Business ethics and the bottom line

Recent news of a New York cabbie tracking down a passenger to return a forgotten bag of diamond rings is a story that speaks to human honesty. It could find a place in ethics courses, and maybe it will – business schools are busily pushing ethics training.

A recent study of the world's top 50 graduate business schools shows a fivefold increase in the number of ethics courses over the past two decades. And the subject is seen as so important that just over half of the schools in the survey have made ethics study a graduation requirement. (The survey was sponsored by the Center for Business Ethics at Bentley College in Waltham, Mass., and the Ethics Resource Center in Washington.)

Student interest is partly driving the trend. But so are deans who see this training as a way to distinguish their schools (now that's a smart business model: right behavior equals competitive advantage). Meanwhile, these deans are broadening the definition of ethics beyond individual decisionmaking to include a corporation's social, economic, and environmental responsibilities.

Especially hot right now: programs in "sustainable" development. With climate change and other green issues suddenly on the radar screen, some employers are eager for B-school grads who can help soften their environmental impact.

Ethics courses enjoyed a campus spurt in the '80s in the wake of Watergate and as the media focused on the ill-gotten gains of high-flying individuals such as junk-bond trader Michael Milken, who pled guilty to securities fraud in 1990.

"Ethics in business schools was formerly addressed as 'don't lie, don't cheat, and don't steal,' " commented survey respondent Steve Jones, dean of the Kenan-Flagler Business School at the University of North Carolina, Chapel Hill. But the definition of ethics is evolving, he said, because "what we are solving for in business is changing."
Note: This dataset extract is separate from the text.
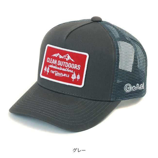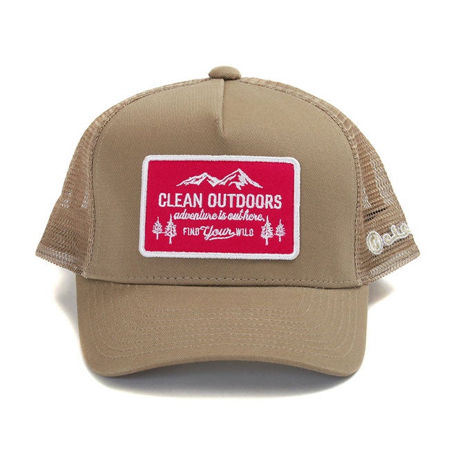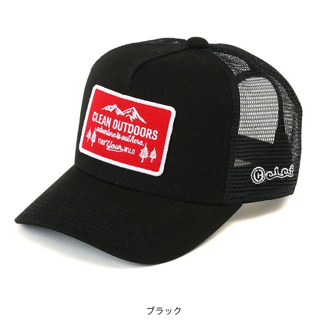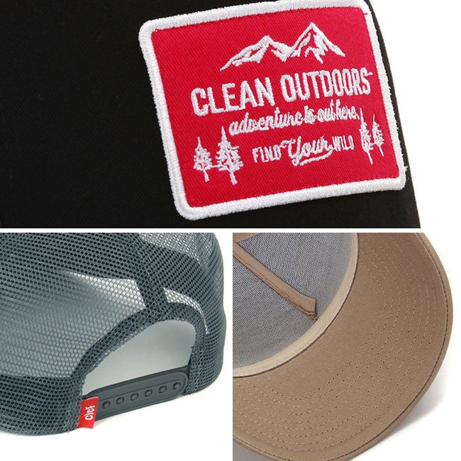 フロントは赤色をベースにしたCLEAN OUTDOORSのワッペンがファッションのアクセントに。
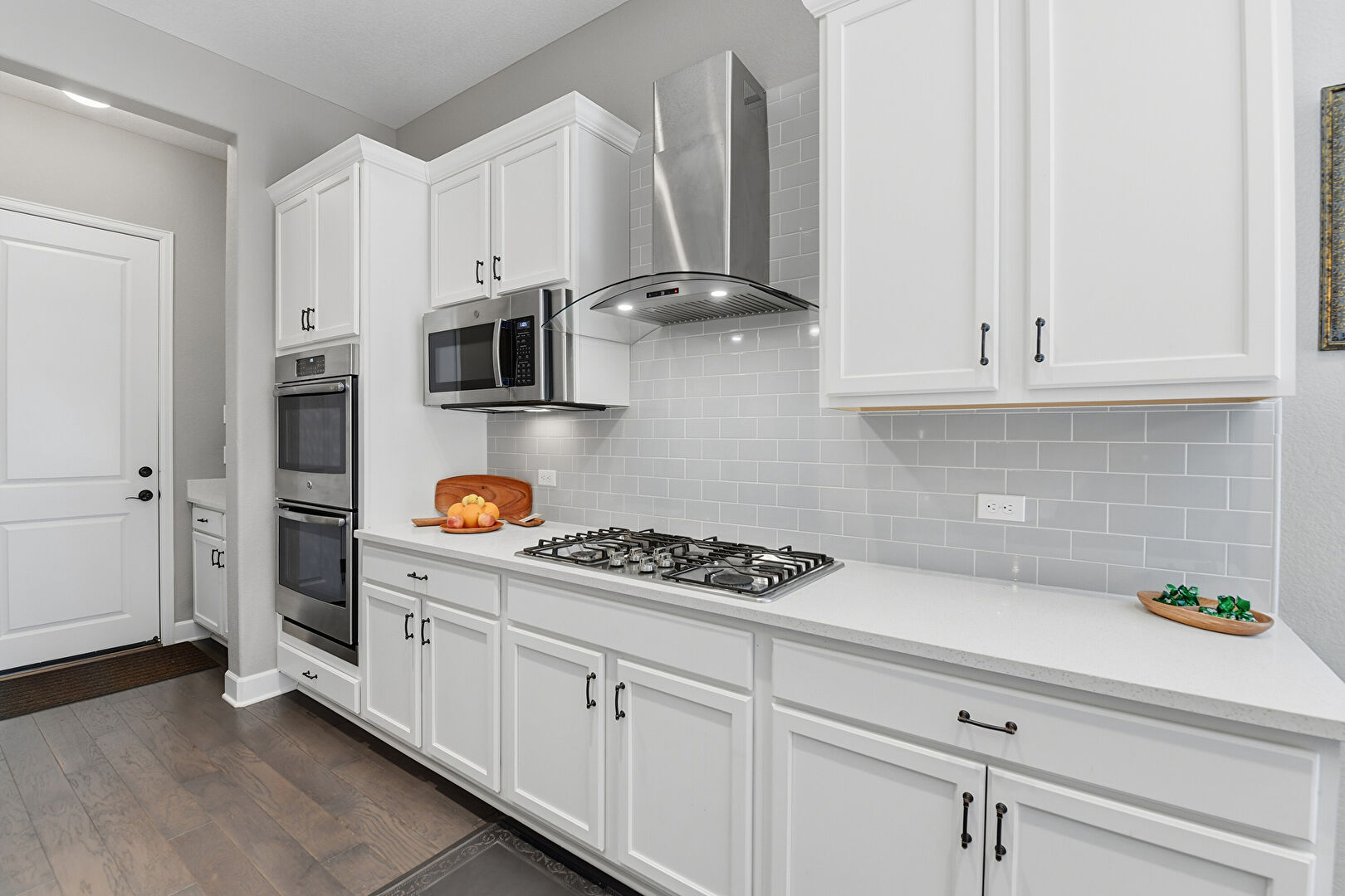 Baseboards Wall, Ceiling Fan, Crown Molding Cabinets, Double Oven, Drywall, Natural Light, Notable Chandelier, Pendant Lighting, Recessed Lighting, Shaker Cabinets, Stone Countertops, Wood Finish Floor, Textured Wall, Wood Finish Floor

As long as the ethics evolution doesn't lose sight of those three reliable commandments, it's a welcome one. But the question is this: Will the ethics revival in academia translate to the "real" world? Will corporations listen to the University of Maryland MBA who was required to visit a white-collar prison or the graduate of the Johnson School at Cornell University who was part of a team of students that consulted on ecotourism in Senegal and Costa Rica?
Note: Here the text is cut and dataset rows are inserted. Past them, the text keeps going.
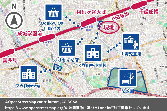 小田急線 祖師ヶ谷大蔵駅 徒歩7分 小田急線 千歳船橋駅 徒歩15分 小田急線 成城学園前駅 徒歩18分 |
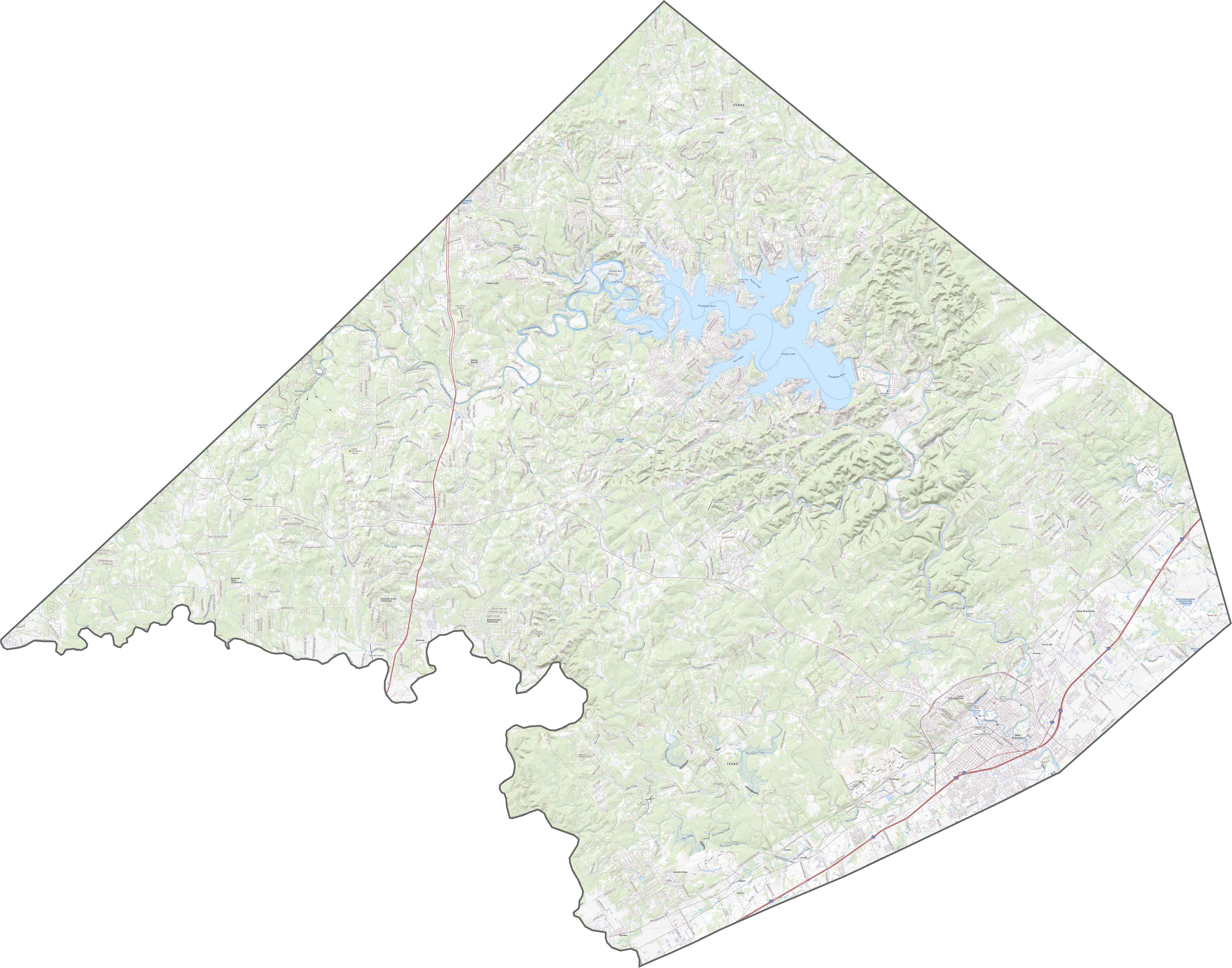 Water features stand out in Comal County, especially Canyon Lake. Central parts are more rugged and covered in scrubby green. Toward the east, it levels out into more developed zones like New Braunfels.
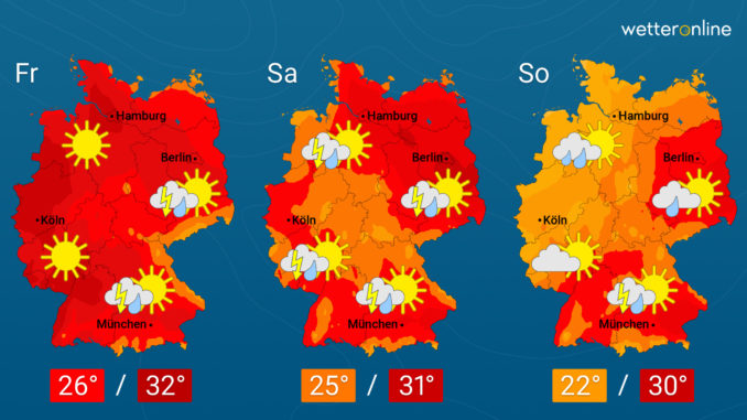 Der Freitag beginnt fast überall sonnig und wird mit Höchstwerten von meist 27 bis 33 Grad verbreitet schweißtreibend. Im Osten Deutschlands sowie vom Alpenrand bis in die südwestlichen Mittelgebirge bilden sich jedoch vermehrt Quellwolken, die sich zu Schauern und Gewittern ausbauen können. Örtlich sind diese schon kräftig. Im Rest des Landes bleibt es trocken und Wolken sind meist harmlos. Am sonnigsten wird es vom Münsterland bis nach Nordfriesland.

The challenge for ethics is always how seriously it's taken – whether it gets lip service or real service.

Spurred on by Enron and other moral meltdowns in business, about 70 percent of US employers have implemented ethics training, an increase of 14 percentage points from 2003, according to a 2005 survey of 3,000 employees taken by the Ethics Resource Center. Yet there's not much change in the impact these programs are having, the survey concludes. What makes the difference, it finds, is how much ethics awareness and enforcement permeate corporate culture. A policy alone, or a training session alone, doesn't cut it.

Same in business school. Even as schools elevate the standing of ethics, they need to make sure they don't ghettoize it from other key faculty or courses. Ethics is more than a business foundation, it's a life foundation. It can't be compartmentalized.